Nothing but a verbatim copy of the data, minus the images, should be returned.

#### Stored data
■ ■ ■
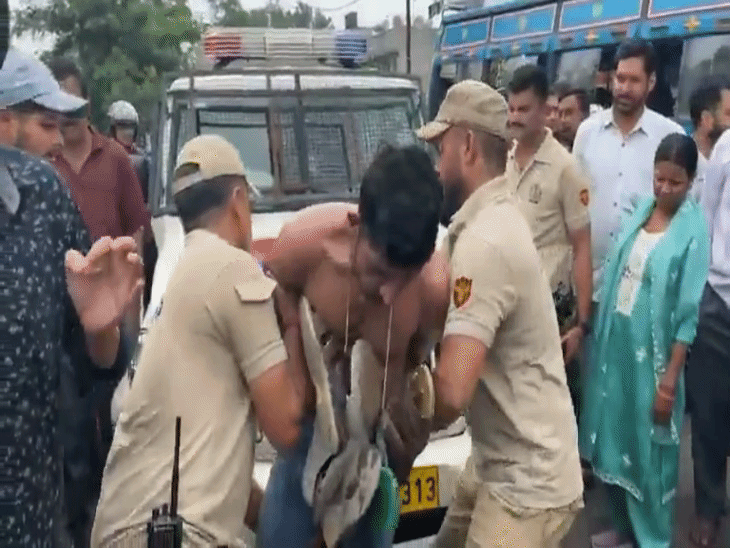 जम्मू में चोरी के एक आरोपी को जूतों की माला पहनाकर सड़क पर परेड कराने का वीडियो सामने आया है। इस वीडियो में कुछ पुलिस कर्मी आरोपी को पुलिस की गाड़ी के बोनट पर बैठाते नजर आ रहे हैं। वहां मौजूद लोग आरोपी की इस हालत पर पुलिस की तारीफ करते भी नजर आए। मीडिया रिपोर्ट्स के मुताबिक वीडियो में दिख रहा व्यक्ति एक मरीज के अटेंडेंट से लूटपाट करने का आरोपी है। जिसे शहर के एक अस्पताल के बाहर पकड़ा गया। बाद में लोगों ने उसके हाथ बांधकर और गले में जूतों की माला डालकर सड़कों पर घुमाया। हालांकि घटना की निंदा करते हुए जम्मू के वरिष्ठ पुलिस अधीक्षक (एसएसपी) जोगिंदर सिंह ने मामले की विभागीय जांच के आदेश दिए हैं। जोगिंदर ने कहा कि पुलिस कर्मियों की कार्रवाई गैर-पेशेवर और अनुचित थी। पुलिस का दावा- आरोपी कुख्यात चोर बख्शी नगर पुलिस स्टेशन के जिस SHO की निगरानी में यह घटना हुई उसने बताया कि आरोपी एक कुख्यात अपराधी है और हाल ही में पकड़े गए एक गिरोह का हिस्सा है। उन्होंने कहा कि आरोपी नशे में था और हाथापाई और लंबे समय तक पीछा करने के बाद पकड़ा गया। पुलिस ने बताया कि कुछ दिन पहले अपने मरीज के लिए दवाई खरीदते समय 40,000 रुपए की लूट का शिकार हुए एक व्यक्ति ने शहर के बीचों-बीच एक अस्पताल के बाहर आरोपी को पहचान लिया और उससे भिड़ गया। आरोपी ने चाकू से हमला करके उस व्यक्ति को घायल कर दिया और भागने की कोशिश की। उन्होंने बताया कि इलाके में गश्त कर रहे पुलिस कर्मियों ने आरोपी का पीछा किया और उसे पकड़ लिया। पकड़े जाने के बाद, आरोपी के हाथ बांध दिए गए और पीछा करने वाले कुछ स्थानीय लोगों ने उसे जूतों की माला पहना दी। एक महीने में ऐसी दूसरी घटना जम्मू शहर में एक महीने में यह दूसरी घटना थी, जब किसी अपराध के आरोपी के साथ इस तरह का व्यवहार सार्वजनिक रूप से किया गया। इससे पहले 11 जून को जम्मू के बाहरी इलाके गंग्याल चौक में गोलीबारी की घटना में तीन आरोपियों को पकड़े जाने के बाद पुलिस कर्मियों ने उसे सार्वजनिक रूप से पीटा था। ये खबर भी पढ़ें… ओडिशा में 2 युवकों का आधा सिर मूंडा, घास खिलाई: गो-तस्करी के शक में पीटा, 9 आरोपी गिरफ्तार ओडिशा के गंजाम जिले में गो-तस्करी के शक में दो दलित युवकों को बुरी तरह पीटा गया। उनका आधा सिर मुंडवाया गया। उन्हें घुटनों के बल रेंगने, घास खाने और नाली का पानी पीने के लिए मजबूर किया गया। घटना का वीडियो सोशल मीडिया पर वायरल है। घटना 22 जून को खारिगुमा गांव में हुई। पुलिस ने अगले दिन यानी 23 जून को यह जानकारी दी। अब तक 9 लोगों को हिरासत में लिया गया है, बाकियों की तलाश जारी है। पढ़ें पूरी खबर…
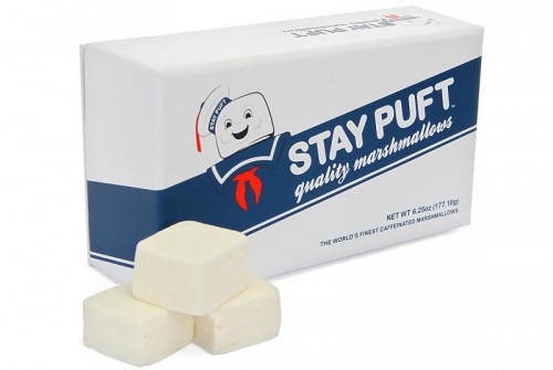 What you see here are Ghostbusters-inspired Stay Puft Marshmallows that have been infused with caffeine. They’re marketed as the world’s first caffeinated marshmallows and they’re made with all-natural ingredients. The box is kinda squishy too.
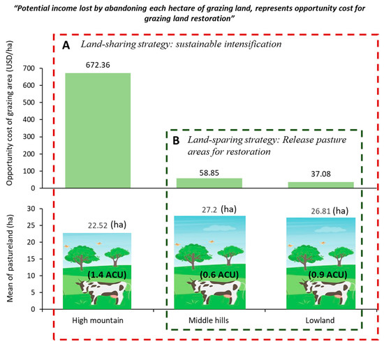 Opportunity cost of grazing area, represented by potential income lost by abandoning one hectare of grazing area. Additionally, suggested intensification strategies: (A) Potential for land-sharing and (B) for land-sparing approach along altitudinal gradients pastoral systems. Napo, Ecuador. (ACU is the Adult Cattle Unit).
■ ■ ■
#### Reply
 जम्मू में चोरी के एक आरोपी को जूतों की माला पहनाकर सड़क पर परेड कराने का वीडियो सामने आया है। इस वीडियो में कुछ पुलिस कर्मी आरोपी को पुलिस की गाड़ी के बोनट पर बैठाते नजर आ रहे हैं। वहां मौजूद लोग आरोपी की इस हालत पर पुलिस की तारीफ करते भी नजर आए। मीडिया रिपोर्ट्स के मुताबिक वीडियो में दिख रहा व्यक्ति एक मरीज के अटेंडेंट से लूटपाट करने का आरोपी है। जिसे शहर के एक अस्पताल के बाहर पकड़ा गया। बाद में लोगों ने उसके हाथ बांधकर और गले में जूतों की माला डालकर सड़कों पर घुमाया। हालांकि घटना की निंदा करते हुए जम्मू के वरिष्ठ पुलिस अधीक्षक (एसएसपी) जोगिंदर सिंह ने मामले की विभागीय जांच के आदेश दिए हैं। जोगिंदर ने कहा कि पुलिस कर्मियों की कार्रवाई गैर-पेशेवर और अनुचित थी। पुलिस का दावा- आरोपी कुख्यात चोर बख्शी नगर पुलिस स्टेशन के जिस SHO की निगरानी में यह घटना हुई उसने बताया कि आरोपी एक कुख्यात अपराधी है और हाल ही में पकड़े गए एक गिरोह का हिस्सा है। उन्होंने कहा कि आरोपी नशे में था और हाथापाई और लंबे समय तक पीछा करने के बाद पकड़ा गया। पुलिस ने बताया कि कुछ दिन पहले अपने मरीज के लिए दवाई खरीदते समय 40,000 रुपए की लूट का शिकार हुए एक व्यक्ति ने शहर के बीचों-बीच एक अस्पताल के बाहर आरोपी को पहचान लिया और उससे भिड़ गया। आरोपी ने चाकू से हमला करके उस व्यक्ति को घायल कर दिया और भागने की कोशिश की। उन्होंने बताया कि इलाके में गश्त कर रहे पुलिस कर्मियों ने आरोपी का पीछा किया और उसे पकड़ लिया। पकड़े जाने के बाद, आरोपी के हाथ बांध दिए गए और पीछा करने वाले कुछ स्थानीय लोगों ने उसे जूतों की माला पहना दी। एक महीने में ऐसी दूसरी घटना जम्मू शहर में एक महीने में यह दूसरी घटना थी, जब किसी अपराध के आरोपी के साथ इस तरह का व्यवहार सार्वजनिक रूप से किया गया। इससे पहले 11 जून को जम्मू के बाहरी इलाके गंग्याल चौक में गोलीबारी की घटना में तीन आरोपियों को पकड़े जाने के बाद पुलिस कर्मियों ने उसे सार्वजनिक रूप से पीटा था। ये खबर भी पढ़ें… ओडिशा में 2 युवकों का आधा सिर मूंडा, घास खिलाई: गो-तस्करी के शक में पीटा, 9 आरोपी गिरफ्तार ओडिशा के गंजाम जिले में गो-तस्करी के शक में दो दलित युवकों को बुरी तरह पीटा गया। उनका आधा सिर मुंडवाया गया। उन्हें घुटनों के बल रेंगने, घास खाने और नाली का पानी पीने के लिए मजबूर किया गया। घटना का वीडियो सोशल मीडिया पर वायरल है। घटना 22 जून को खारिगुमा गांव में हुई। पुलिस ने अगले दिन यानी 23 जून को यह जानकारी दी। अब तक 9 लोगों को हिरासत में लिया गया है, बाकियों की तलाश जारी है। पढ़ें पूरी खबर…
 What you see here are Ghostbusters-inspired Stay Puft Marshmallows that have been infused with caffeine. They’re marketed as the world’s first caffeinated marshmallows and they’re made with all-natural ingredients. The box is kinda squishy too.
 Opportunity cost of grazing area, represented by potential income lost by abandoning one hectare of grazing area. Additionally, suggested intensification strategies: (A) Potential for land-sharing and (B) for land-sparing approach along altitudinal gradients pastoral systems. Napo, Ecuador. (ACU is the Adult Cattle Unit).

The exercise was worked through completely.